== Task directions ==
The listing below must be repeated word for word, with its images excluded.

== Dataset content ==
╭──
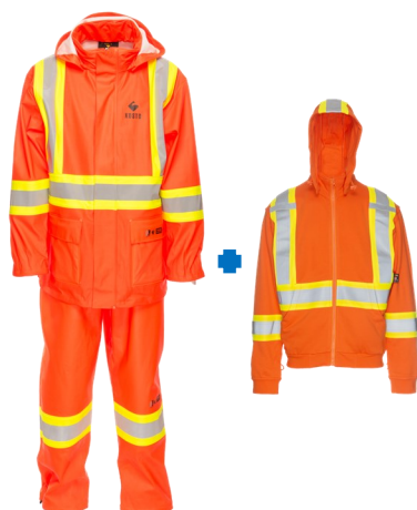
VMKF60 + VGKF65

Manteau de pluie et veste Arc flash (Cat. 2) ATPV 24 cal/cm 2
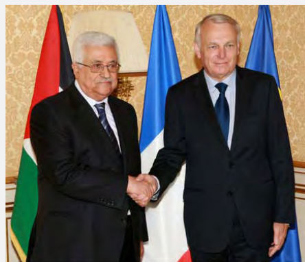
A la izquierda: Mahmoud Abbas con el canciller francés. A la derecha: reunión con el Primer Ministro de Francia (Wafa, 8 de junio de 2012)
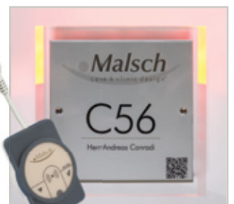
Bed-Exit System (snoerloos)
╰──
== Your solution ==
VMKF60 + VGKF65

Manteau de pluie et veste Arc flash (Cat. 2) ATPV 24 cal/cm 2
A la izquierda: Mahmoud Abbas con el canciller francés. A la derecha: reunión con el Primer Ministro de Francia (Wafa, 8 de junio de 2012)
Bed-Exit System (snoerloos)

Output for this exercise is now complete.